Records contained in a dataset
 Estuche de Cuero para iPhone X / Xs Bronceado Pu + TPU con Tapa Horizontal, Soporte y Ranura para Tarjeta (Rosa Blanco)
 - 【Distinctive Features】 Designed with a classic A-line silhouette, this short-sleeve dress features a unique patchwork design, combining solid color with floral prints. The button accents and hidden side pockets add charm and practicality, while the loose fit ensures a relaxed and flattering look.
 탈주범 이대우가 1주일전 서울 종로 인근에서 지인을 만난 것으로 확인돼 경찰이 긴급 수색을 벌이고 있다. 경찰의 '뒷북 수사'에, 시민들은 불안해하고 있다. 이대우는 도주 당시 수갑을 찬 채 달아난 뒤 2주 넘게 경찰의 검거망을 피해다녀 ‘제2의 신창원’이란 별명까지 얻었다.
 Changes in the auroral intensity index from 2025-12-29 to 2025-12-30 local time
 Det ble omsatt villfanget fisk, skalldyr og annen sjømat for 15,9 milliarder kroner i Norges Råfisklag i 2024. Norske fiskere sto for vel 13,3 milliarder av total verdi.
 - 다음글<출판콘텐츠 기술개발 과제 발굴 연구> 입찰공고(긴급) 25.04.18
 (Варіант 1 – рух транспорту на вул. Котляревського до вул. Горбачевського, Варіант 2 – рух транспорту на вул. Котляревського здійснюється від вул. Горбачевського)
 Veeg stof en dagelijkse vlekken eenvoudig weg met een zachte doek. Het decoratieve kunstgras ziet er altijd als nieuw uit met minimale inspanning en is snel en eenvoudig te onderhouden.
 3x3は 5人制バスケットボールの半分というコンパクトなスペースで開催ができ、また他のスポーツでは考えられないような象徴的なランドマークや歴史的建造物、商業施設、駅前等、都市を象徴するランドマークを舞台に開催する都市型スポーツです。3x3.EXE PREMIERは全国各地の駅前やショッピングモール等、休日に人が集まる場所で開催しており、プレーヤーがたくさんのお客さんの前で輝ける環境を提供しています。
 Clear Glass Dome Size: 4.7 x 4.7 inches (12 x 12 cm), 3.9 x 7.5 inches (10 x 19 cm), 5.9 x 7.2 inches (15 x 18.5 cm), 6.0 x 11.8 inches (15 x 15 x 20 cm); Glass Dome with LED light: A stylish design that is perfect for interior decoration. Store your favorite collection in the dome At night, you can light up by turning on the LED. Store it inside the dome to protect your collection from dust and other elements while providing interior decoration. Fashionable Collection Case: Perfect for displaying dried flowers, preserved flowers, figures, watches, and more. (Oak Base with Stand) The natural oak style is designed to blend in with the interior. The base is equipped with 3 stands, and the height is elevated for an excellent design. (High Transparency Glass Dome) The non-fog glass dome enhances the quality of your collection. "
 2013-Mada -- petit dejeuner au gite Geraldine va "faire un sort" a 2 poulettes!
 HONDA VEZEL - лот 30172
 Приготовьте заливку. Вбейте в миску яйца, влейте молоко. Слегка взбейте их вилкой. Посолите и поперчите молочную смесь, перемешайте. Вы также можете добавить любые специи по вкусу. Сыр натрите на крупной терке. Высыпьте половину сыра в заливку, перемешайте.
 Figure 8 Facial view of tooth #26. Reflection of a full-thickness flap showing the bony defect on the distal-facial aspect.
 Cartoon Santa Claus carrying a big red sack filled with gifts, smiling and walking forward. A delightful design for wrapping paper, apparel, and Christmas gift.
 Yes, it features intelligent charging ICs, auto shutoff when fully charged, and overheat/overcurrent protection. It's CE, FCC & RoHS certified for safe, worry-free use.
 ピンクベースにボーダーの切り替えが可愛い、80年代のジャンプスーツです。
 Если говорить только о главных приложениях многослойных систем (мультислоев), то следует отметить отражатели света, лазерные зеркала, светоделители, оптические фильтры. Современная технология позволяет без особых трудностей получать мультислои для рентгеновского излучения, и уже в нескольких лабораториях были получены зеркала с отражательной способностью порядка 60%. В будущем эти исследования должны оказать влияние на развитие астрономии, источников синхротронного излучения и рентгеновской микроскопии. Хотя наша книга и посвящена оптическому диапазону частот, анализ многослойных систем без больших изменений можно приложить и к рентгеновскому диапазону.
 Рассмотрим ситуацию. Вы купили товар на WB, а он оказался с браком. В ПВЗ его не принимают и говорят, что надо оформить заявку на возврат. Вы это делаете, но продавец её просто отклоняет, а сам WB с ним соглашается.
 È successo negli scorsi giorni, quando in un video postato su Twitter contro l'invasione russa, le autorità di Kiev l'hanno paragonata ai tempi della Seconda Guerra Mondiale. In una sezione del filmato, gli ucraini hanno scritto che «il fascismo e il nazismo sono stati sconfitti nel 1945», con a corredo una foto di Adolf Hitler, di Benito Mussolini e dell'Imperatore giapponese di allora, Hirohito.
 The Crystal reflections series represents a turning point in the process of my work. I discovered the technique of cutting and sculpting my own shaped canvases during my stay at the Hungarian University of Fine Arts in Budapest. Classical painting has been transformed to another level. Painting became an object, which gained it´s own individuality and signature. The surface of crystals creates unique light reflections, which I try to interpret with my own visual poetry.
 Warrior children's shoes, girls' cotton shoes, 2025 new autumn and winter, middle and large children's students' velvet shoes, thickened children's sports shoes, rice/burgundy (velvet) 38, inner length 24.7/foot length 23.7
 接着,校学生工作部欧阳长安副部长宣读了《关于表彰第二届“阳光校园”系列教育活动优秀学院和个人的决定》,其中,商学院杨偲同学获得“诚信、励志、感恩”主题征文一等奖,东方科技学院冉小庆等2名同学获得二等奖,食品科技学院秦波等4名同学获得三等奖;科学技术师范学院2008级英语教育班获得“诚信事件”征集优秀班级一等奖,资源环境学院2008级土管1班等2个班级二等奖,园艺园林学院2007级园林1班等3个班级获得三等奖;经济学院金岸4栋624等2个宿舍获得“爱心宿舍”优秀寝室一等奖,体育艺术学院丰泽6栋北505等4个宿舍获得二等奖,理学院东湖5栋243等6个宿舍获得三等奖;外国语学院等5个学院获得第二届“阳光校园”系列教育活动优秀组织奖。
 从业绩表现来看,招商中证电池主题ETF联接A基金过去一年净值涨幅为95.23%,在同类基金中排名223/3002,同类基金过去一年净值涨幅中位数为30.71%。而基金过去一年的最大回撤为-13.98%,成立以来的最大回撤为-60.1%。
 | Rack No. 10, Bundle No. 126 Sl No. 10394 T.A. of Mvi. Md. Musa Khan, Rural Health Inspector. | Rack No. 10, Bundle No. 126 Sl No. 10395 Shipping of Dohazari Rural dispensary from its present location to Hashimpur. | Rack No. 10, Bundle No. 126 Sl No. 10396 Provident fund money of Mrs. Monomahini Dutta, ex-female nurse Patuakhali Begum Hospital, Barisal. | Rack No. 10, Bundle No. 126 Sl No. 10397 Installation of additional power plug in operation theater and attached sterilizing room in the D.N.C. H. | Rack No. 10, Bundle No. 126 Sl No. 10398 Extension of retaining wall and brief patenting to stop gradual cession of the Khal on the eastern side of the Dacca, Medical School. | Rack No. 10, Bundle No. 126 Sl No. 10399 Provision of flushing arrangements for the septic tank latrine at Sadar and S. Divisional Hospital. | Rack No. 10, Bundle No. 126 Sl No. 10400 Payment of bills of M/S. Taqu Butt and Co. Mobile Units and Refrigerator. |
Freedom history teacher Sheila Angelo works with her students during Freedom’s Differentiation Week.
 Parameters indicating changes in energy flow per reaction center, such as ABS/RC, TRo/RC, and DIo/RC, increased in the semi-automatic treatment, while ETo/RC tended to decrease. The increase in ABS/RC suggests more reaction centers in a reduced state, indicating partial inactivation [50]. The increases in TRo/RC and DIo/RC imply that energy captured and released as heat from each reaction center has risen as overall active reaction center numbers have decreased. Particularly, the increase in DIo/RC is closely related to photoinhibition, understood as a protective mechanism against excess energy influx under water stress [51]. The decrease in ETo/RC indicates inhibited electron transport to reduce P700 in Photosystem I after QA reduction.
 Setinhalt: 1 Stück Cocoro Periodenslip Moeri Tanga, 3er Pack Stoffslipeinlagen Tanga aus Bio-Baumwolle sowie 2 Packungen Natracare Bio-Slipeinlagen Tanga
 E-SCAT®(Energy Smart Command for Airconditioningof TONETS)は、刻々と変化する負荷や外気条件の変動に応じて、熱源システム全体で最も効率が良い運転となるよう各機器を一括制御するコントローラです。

Exercise instructions »
A line qualifies when it holds the word "students"; report all qualifying lines from the records above.

Worked solution »
 Warrior children's shoes, girls' cotton shoes, 2025 new autumn and winter, middle and large children's students' velvet shoes, thickened children's sports shoes, rice/burgundy (velvet) 38, inner length 24.7/foot length 23.7
Freedom history teacher Sheila Angelo works with her students during Freedom’s Differentiation Week.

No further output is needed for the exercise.